If there is no ambiguity, the smaller tensor can be "broadcasted" implicitly to match the larger tensor's shape before an operation is applied to them.
x = np.array([12, 3, 6, 14])
x = x + 3
print(x)
print ('Dimensions: ' + str(x.ndim))
print ('Shape: ' + str(x.shape))
[15 6 9 17] Dimensions: 1 Shape: (4,)
x = np.array([[0, 1, 2],
[-2, 5, 3]])
x = x - 1
print(x)
print ('Dimensions: ' + str(x.ndim))
print ('Shape: ' + str(x.shape))
[[-1 0 1] [-3 4 2]] Dimensions: 2 Shape: (2, 3)
x = np.array([[0, 1, 2],
[-2, 5, 3]])
y = np.array([1, 2, 3])
z = x + y
print(z)
print ('Dimensions: ' + str(z.ndim))
print ('Shape: ' + str(z.shape))
[[ 1 3 5] [-1 7 6]] Dimensions: 2 Shape: (2, 3)
x = np.array([[0, 1, 2],
[-2, 5, 3]])
x = np.sum(x) # x is now a scalar (0D tensor)
print(x)
print ('Dimensions: ' + str(x.ndim))
print ('Shape: ' + str(x.shape))
9 Dimensions: 0 Shape: ()
# Sums a matrix on its first axis (rows)
x = np.array([[0, 1, 2],
[-2, 5, 3]])
x = np.sum(x, axis=0) # x is now a vector (1D tensor)
print(x)
print ('Dimensions: ' + str(x.ndim))
print ('Shape: ' + str(x.shape))
[-2 6 5] Dimensions: 1 Shape: (3,)
# Sums a matrix on its second axis (columns)
x = np.array([[0, 1, 2],
[-2, 5, 3]])
x = np.sum(x, axis=1) # x is now a vector (1D tensor)
print(x)
print ('Dimensions: ' + str(x.ndim))
print ('Shape: ' + str(x.shape))
[3 6] Dimensions: 1 Shape: (2,)
# Sums a matrix on its second axis (columns), keeping the same dimensions
x = np.array([[0, 1, 2],
[-2, 5, 3]])
x = np.sum(x, axis=0, keepdims=True) # x is still a matrix (2D tensor)
print(x)
print ('Dimensions: ' + str(x.ndim))
print ('Shape: ' + str(x.shape))
[[-2 6 5]] Dimensions: 2 Shape: (1, 3)
x = np.random.randn(3,4)
print(x)
print("Mean: " + str(x.mean(axis=0)))
print("Standard deviation: " + str(x.std(axis=0)))
x -= x.mean(axis=0)
x /= x.std(axis=0)
print(x)
print("Final mean: " + str(x.mean(axis=0)))
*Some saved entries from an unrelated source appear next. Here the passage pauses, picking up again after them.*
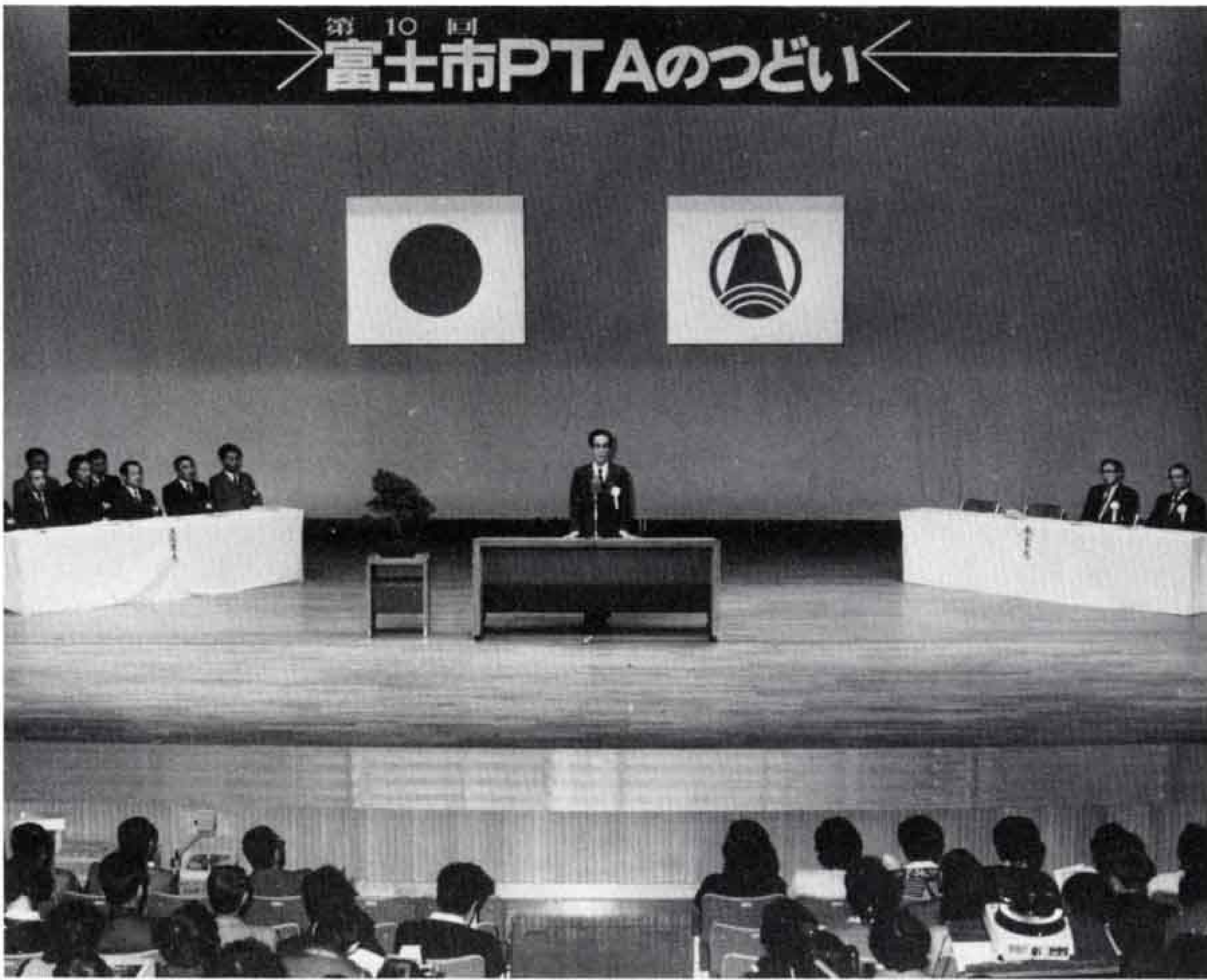
▲熱心に話をきく父兄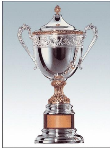
► Людмила ВАЩЕНКО.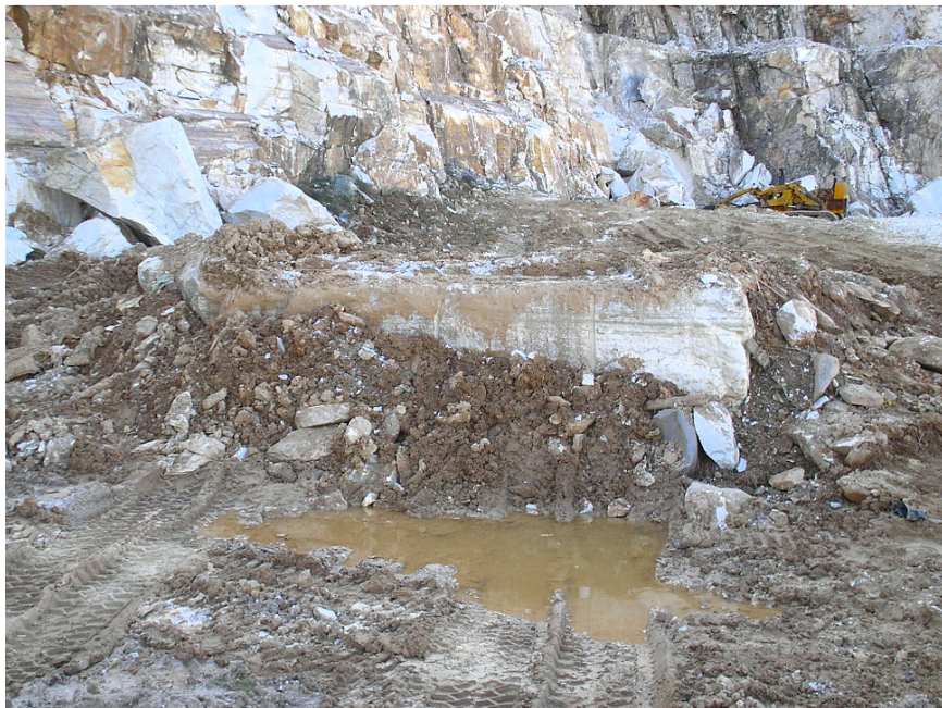
9. Σε πρώτο πλάνο η ράμπα φόρτωσης και στο βάθος ο φορτωτής.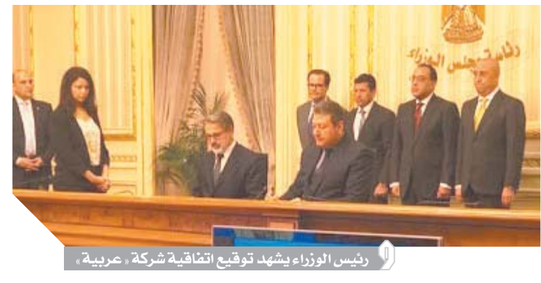
رئيس الوزراء يشهد توقيع اتفاقية شركة «عربية»

ضم العلامة الرياضية الأعرق فى عالم التنس يروج لمناخ الاقتصاد المصرى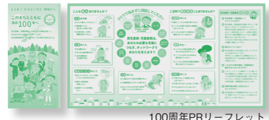
100周年PRリーフレット

※ PRカード (3つ折りの名刺型) 民生委員・児童委員の性格、役割や守秘義務、相談内容の例示などを紹介。訪問時の名刺代わりや留守宅へのメッセージカードとして、またポケットティッシュに入れての配布にご活用いただけます。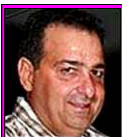
14-Σκοπελίτης Ιδιοκτήτης "Sportdata"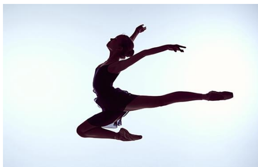
Slika 3. Jelenji skok

Izvodi se na način da su ruke u abdukciji, te činimo korak sa desnom nogom, pa s lijevom nogom, zatim podižemo desnu nogu pruženu u stopalu te dotičemo lijevo koljeno koje kao da guramo prema nazad. Desna zamašna noga ostaje prednožno zgrčena, a lijeva je pruženo zanožena.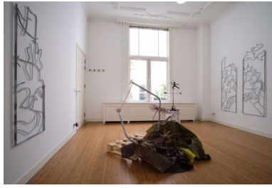
Heading into the forest, never to walk back again , 2022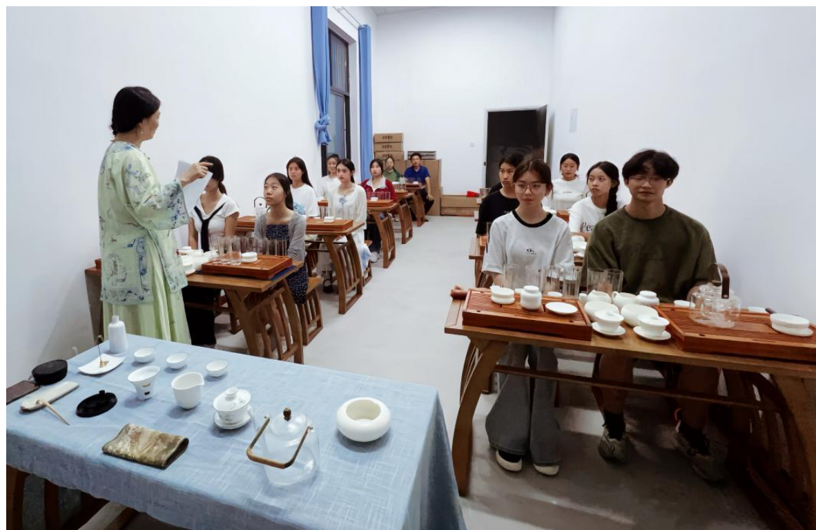
图 8 安徽省徽州师范学校开设《茶艺》选修课

优化课程体系结构：实施学部制管理，推动各专业教育教学从学科本位向专业本位转变。围绕专业发展需求，积极开发与区域文化、新兴产业结合的课程，如新设《徽州鱼灯的制作与表演》《茶艺》等选修课选修课。紧扣职普融通试点工作要求，统筹推进方案编制、师资调配、教材征订等全流程筹备工作，确保试点任务落地见效。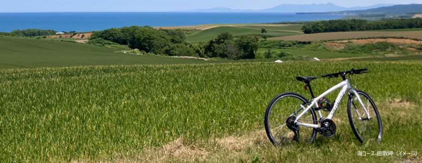
海コース 能取岬 (イメージ)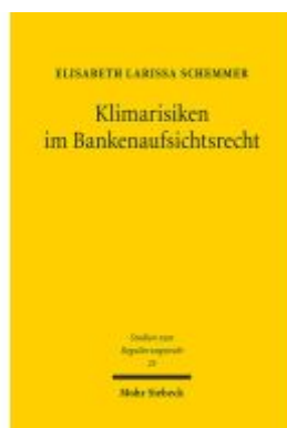
Klimarisiken im Bankenaufsichtsrecht Ladenpreis: 112,10EUR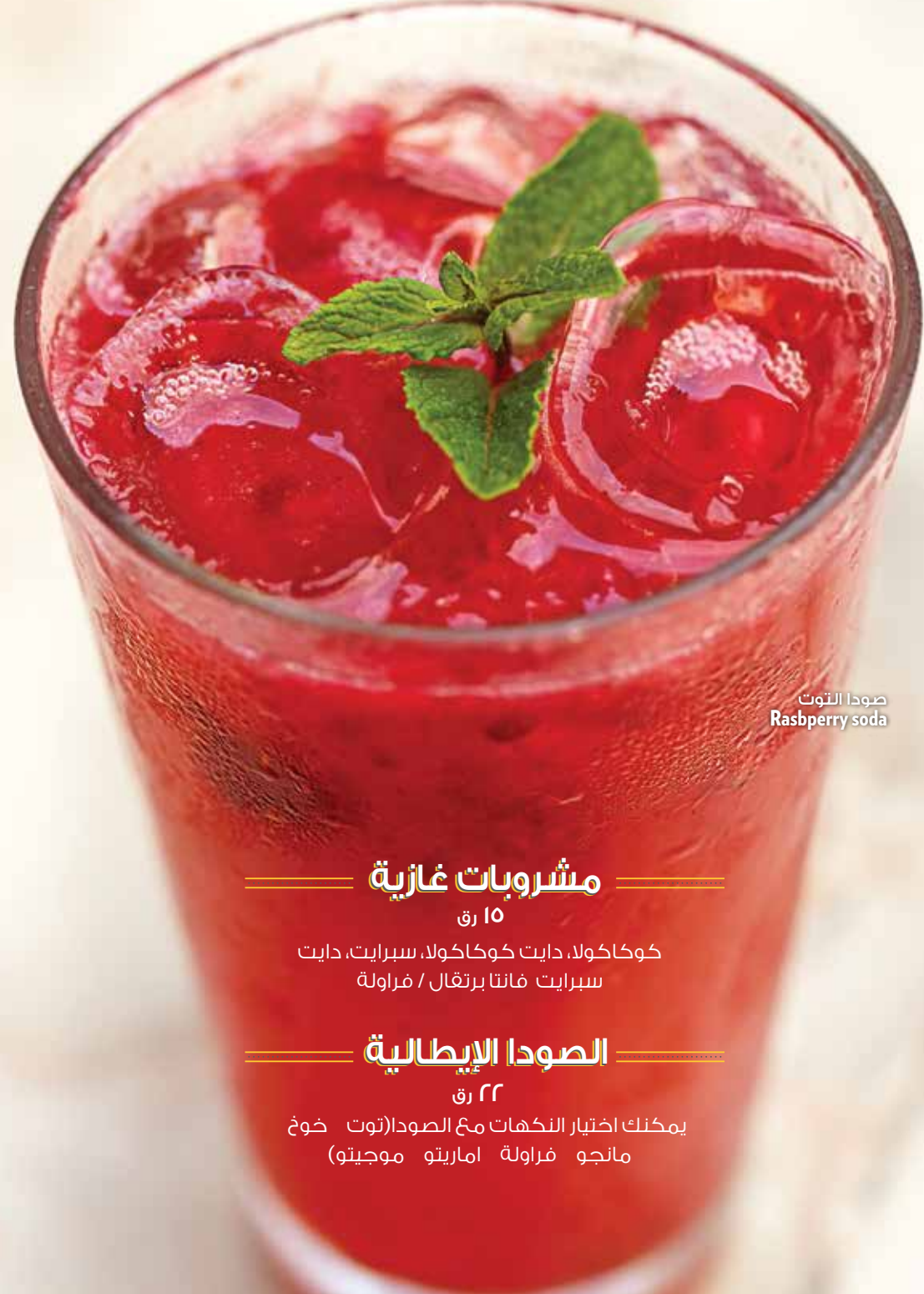
صودا التوت Raspberry soda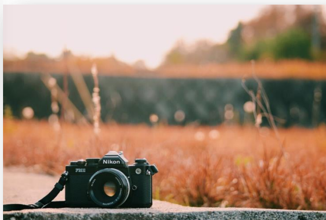
優秀賞「秋とカメラ」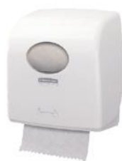
AQUARIUS* Rolhanddoek Dispenser Wit (7375), Zwart (7376)

De compacte dispenser die in één handeling te reinigen is

print("Final standard deviation: " + str(x.std(axis=0)))
[[-0.68306552 -0.51606135 -0.03604431 -0.18932272] [ 1.10231885 -0.23115393 -0.03278724 0.43574405] [ 1.08069115 -0.5709149 1.10707078 2.13235445]] Mean: [ 0.49998149 -0.43937672 0.34607975 0.79292526] Standard deviation: [0.83658716 0.14892902 0.53810356 0.98089416] [[-1.4141348 -0.5149072 -0.71013106 -1.00138019] [ 0.71999354 1.39813451 -0.70407819 -0.36413838] [ 0.69414125 -0.88322731 1.41420924 1.36551857]] Final mean: [ 7.40148683e-17 3.33066907e-16 -7.40148683e-17 1.48029737e-16] Final standard deviation: [1. 1. 1. 1.]